Understanding Vector Search
Vector search is a powerful method for finding relevant data points by comparing their vector representations. In the context of RAG, vector search is crucial for efficiently retrieving documents that are semantically similar to an input query. This process involves transforming data into high-dimensional vectors, which capture the semantic meaning of the information.
Pinecone Vector Store is a platform revolutionizing the way data is stored and queried. It offers lightning-fast vector similarity search, enabling users to efficiently find similar items within massive datasets in milliseconds. With its scalable infrastructure and advanced algorithms, Pinecone empowers businesses to unlock the potential of their data, whether it's for recommendation systems, personalization, or anomaly detection.

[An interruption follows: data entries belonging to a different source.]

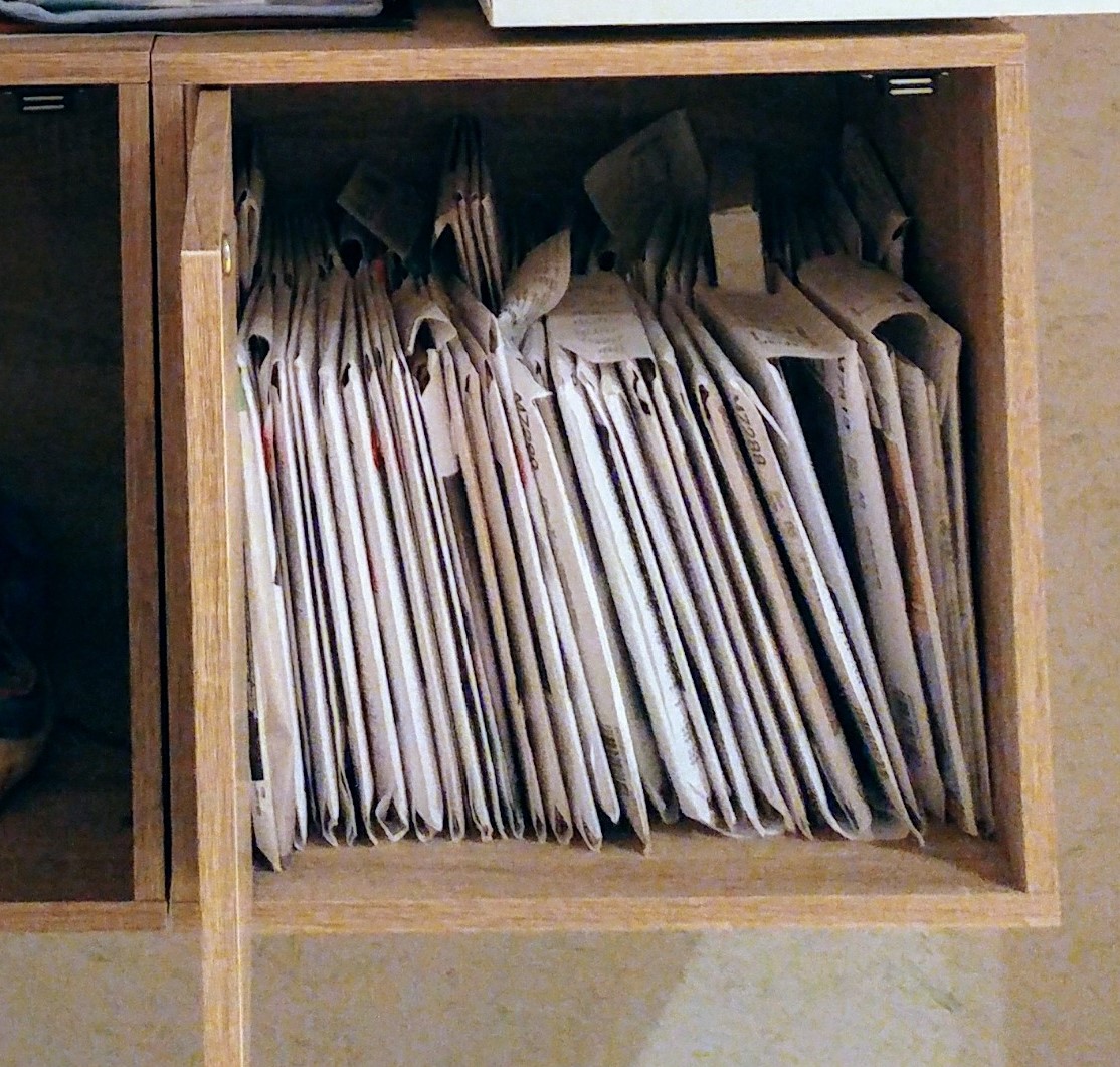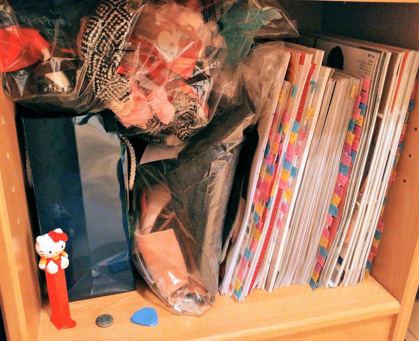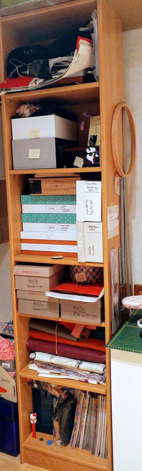 -un étage avec dans des sacs mes plus grandes chutes de tissus et des petites chutes de cuir, Il y aussi tout mes magasines de couture. De temps en temps je prend un des magasines et je le rempli de post-it index indiquant ce qu’il y a et où, comme ça, quand je cherche quelque chose par la suite, je regarde directement les pages qui m’intéressent.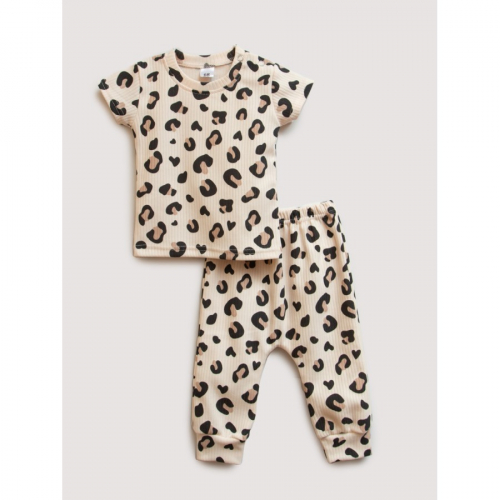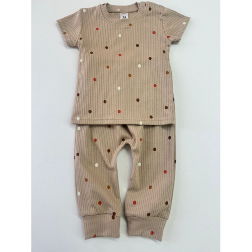 ..81-4 ИГЛ Комплект футболка с кнопками + штанишки из интерлока, "Горох/коричневый".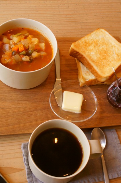 スープセットとスコーン、セットの飲み物で珈琲をオーダー。使ってる豆は秘密でした。
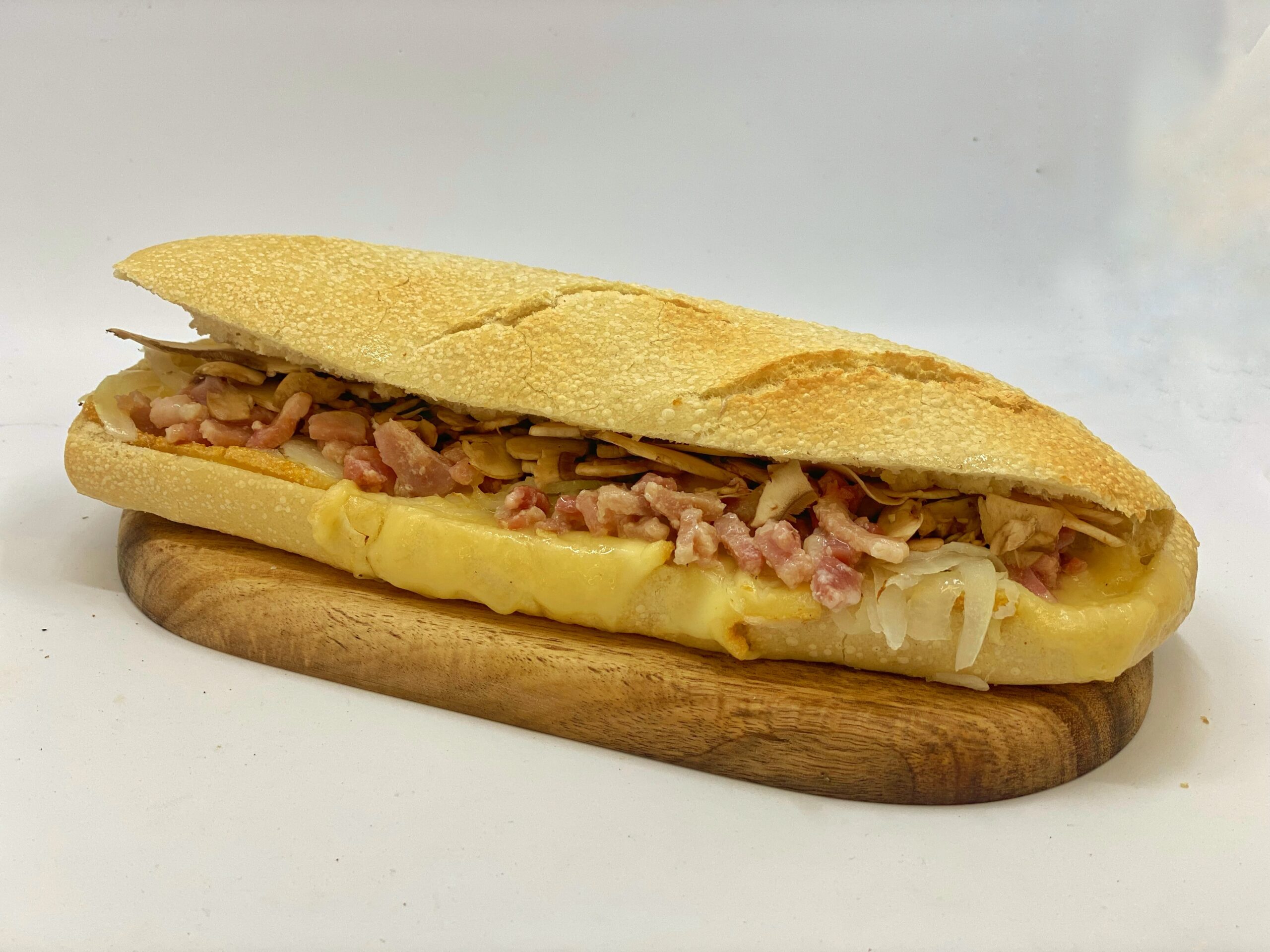 lardons , champignon , oignon , béchamel et raclette fromage

Vector databases like Pinecone leverage these representations to perform fast and accurate similarity searches, enabling real-time, contextually relevant data retrieval that enhances the capabilities of generative models.
Here are some key features of Pinecone:
- Lightning-fast vector similarity search
- Scalable infrastructure for handling massive datasets
- High-performance vector storage
- Millisecond response times for search queries
Imagine you're building a recommendation system for an online retail store. When a user views a product, the system converts the product's description into a vector representation. It then uses Pinecone to search for other product vectors that are semantically similar. This allows the system to recommend products that are contextually relevant to the user's interests.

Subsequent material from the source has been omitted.